Menurut Andrey, sentimen buyback maupun pembagian dividen memang dapat menopang harga saham, tetapi dampaknya cenderung terbatas.
"Untuk menciptakan tren kenaikan yang lebih berkelanjutan, pasar tetap membutuhkan perbaikan sentimen makro, stabilisasi rupiah, dan kembalinya arus dana asing ke pasar saham Indonesia," katanya.
Pandangan serupa disampaikan Founder Republik Investor Hendra Wardana. Ia menilai sektor perbankan masih sangat bergantung pada minat investor asing karena selama ini menjadi salah satu tujuan utama aliran modal global di pasar saham Indonesia.
Masih dominannya aksi jual asing pada sebagian besar saham bank menunjukkan investor global belum kembali masuk secara merata. Mereka masih memilih emiten yang dianggap memiliki profil risiko paling defensif.
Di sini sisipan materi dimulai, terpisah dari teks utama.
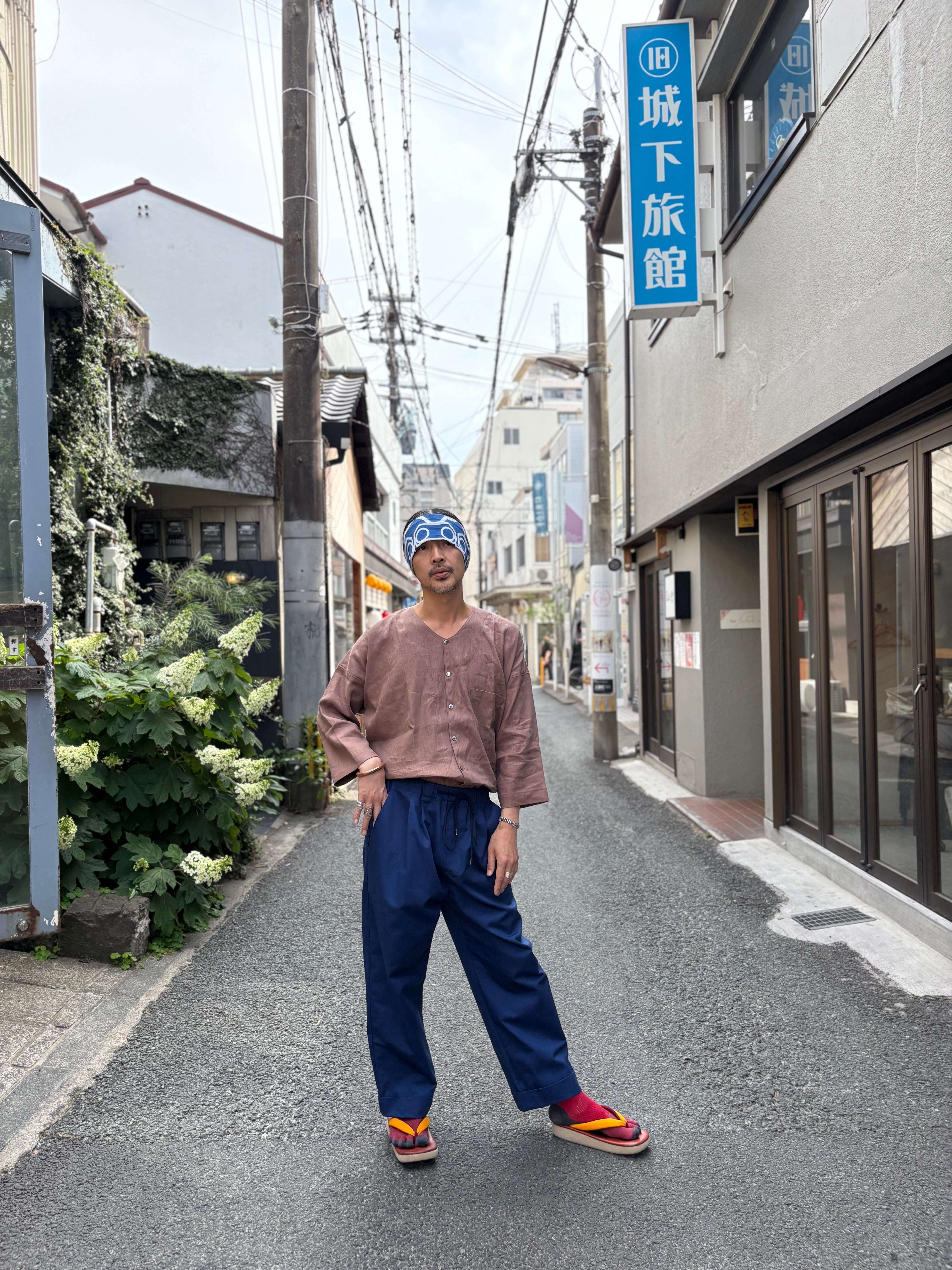 本来ダボシャツ、鯉口シャツと云えばテキ屋さんみたく任侠なイメージですが、ソレのソレを全く感じさせない振り幅の広いシャツです。

Baca Juga: Saham Big Banks Tertekan Sentimen Makro
Meski demikian, peluang penguatan saham perbankan dinilai masih terbuka pada semester II-2026 apabila kondisi global membaik, rupiah tetap stabil, dan ekonomi domestik tidak mengalami perlambatan yang signifikan.
Jika investor asing mulai konsisten mencatatkan net buy, sektor perbankan berpotensi menjadi motor utama pemulihan IHSG.
Di sisi lain, investor tetap perlu mewaspadai sejumlah risiko, mulai dari perlambatan pertumbuhan kredit, kenaikan rasio kredit bermasalah (NPL), hingga tekanan daya beli masyarakat yang masih membayangi industri perbankan.
Karena itu, Hendra memperkirakan kenaikan saham bank dalam jangka pendek masih akan berlangsung secara selektif dan belum merata.
Untuk strategi investasi, Hendra menjagokan BBCA karena mulai menunjukkan sinyal masuknya dana asing dengan rekomendasi trading buy dan target harga Rp6.425. BBNI juga direkomendasikan trading buy dengan target harga Rp3.890.
Baca Juga: Saham Big Banks Dilanda Aksi Jual Asing Saat BI Putuskan Kerek BI Rate
Sementara itu, Andrey lebih memilih BMRI dan BBRI karena dinilai menawarkan valuasi yang menarik, likuiditas tinggi, serta potensi pemulihan yang besar ketika sentimen makro kembali membaik.